Speaking of Food…

I’m ashamed to admit that Cat’s reports of my unfortunate licorice breakfasts are accurate, but to be fair I don’t usually eat candy for breakfast.  I’m not that unhealthy.  Generally I just drink a pot of coffee.  Maybe a croissant if I’m feeling fancy.

Okay, so breakfast is not my strong point. 

But my caffeine addiction aside*, I tend to be pretty healthy.  As a vegetarian you either learn how to cook for yourself healthfully or you wander around in a iron deficient haze wondering why you’re sleepy all the time.  Eventually you realize that chocolate, though technically vegetarian, is not really a food group.  This is when you recognize that you either learn to cook properly or starve to death.  My saving grace when I reached this crux was farmer’s markets. 

With glorious bushels of fresh produce, stinky cheeses, crusty bread, local honey and overpriced flowers, the local farmer’s market is my absolute favorite way to spend a Sunday afternoon.  I can gather cheap, ethical, locally grown produce to my hungover heart’s content.  Arms full of greenery, I can skip the two blocks home and plan out healthy, fresh meals for the week. 

There’s only one problem with this brilliant equation: I live in Chicago.  Consequently, my local farmer’s market only exists in “summer”, from June to October (which is already stretching the bounds of nice weather).  So what’s a veggie to do for the other 7 months of the year?  Good question.  I’m still working that one out. 

Of course, I could just shop at regular grocery stores, but a) that’s not fun and b) their produce kinda sucks it.  So usually, I venture to the all produce grocery store, but that is unfortunately far away and doesn’t sell anything but produce, leaving me to make two trips anyway.  My other option is “healthier” stores like Trader Joe’s or Whole Food’s.  But as far as I’m concerned, “healthier”  usually just means “expensive” and I just avoid such places.** 

So yesterday, after returning the XXL pajama pants my mother gifted me for Christmas, I found myself in Lincoln Park and less than a block from the largest Whole Foods in the world (or maybe just Chicago, but this is a huge grocery store).  Figuring that I’ve eaten nothing but sugar and butter in various forms for the last week, I shrug and wander in.  This was my first mistake. 

My second mistake was that after battling through the aisles of fair trade locally roasted coffee, imported organic produce, handmade all-natural soaps and cheese made from free-range rabbit milk or somesuchshit, I had a cart full of groceries that would have cost me roughly three times my monthly grocery budget…for a week’s worth of groceries.  Oops.  So in a moment of panic, I abandoned my cart somewhere near the un-packaged grass-fed chicken eggs, grabbed the four items I absolutely needed (and guacamole, because, you know) and ran for the checkout. 

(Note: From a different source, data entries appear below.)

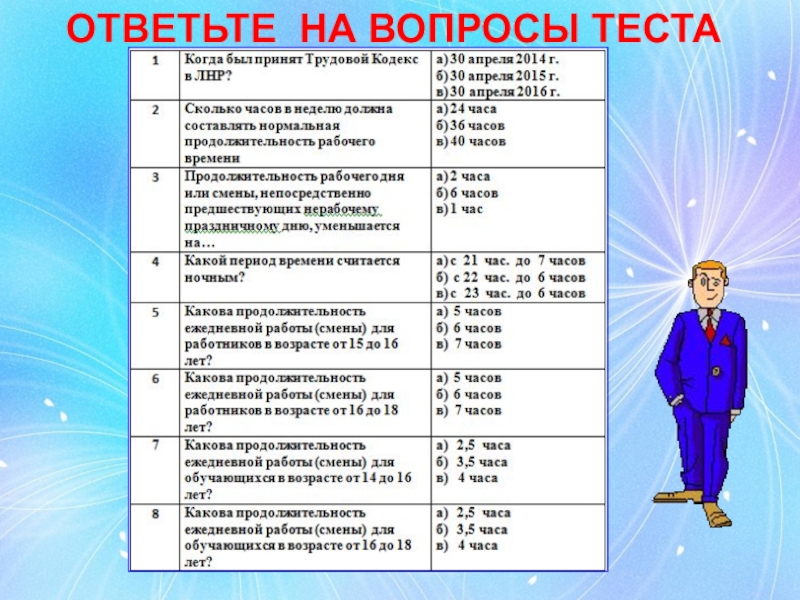 2. Нормальное рабочее время согласно ст. 95 ТК ЛНР не может превышать
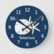 Sand Dollar Starfish Coastal Navy Blue Personalise Round Clock
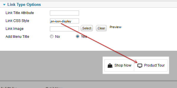 To set up icons, you need to go to menu item settings and add symbol combination jsn-icon-xxx to menu item’s parameter Link CSS Style, where xxx is the icon name.
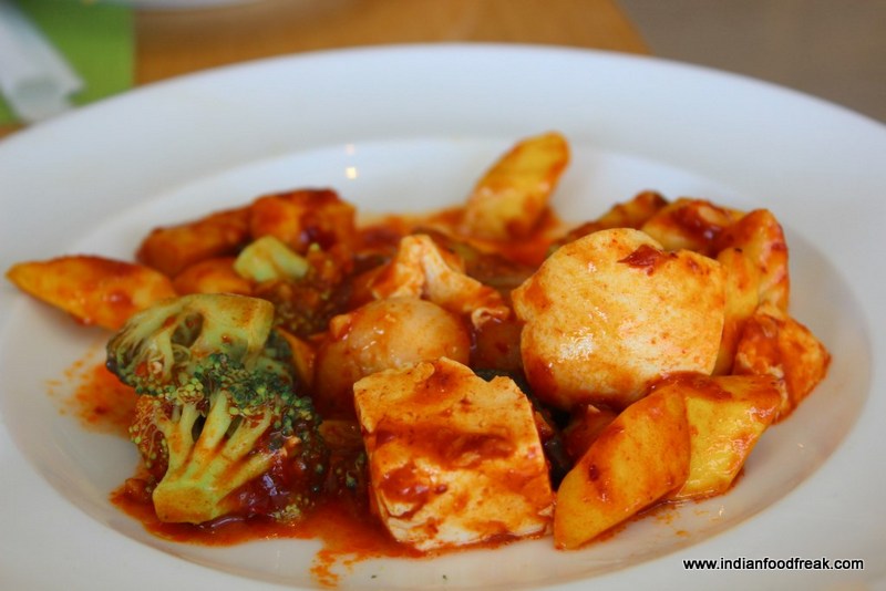 In the mains, the biriyani masaaledar was very aromatic and tasty, Chinese stir fried tofu quite delicious; but the dish that stole the show for me was the Braised Pork chops with pineapples. The meat here was literally falling off the bones and the sweet and tanginess of pineapples lend the perfect flavour combination to the dish. As I write this, my mouth is salivating once again remembering the juicy chops.

100% consumer recycled bag in hand, I searched for an exit and noticed that this monstrosity had a bar.  Like a straight-up ten tap, fully stocked bar.  As frazzled as I may have been by my trip to the grocery store, I managed to acknowledge that my problems are silly and head out.  I also acknowledged that I probably would only hate myself more if I spent $9 on an organic beer that would likely taste like wheatgrass.

I spend my trip home pondering who are all of these people who not only have enough money to shop at this store, but are also somehow magically not working at two in the afternoon on a Tuesday.  The answer still eludes me.  Then, in the way that all Chicagoans do in the depths of winter, I begin planning for spring.  I google “Logan square farmer’s market” hoping to revel in the hope that one day this city will not be covered in snow only to be greeted by:

“Welcome to the Logan square indoor winter farmer’s market”

Well, that solves that. 

*Which for the record is a trait that Cat and I inherited from our Paternal side.

** I realize these are all really bourgeois problems, but I work from home and I’m on break from school, so I have too much time to think about crap like where I’m going to buy more grapefruit.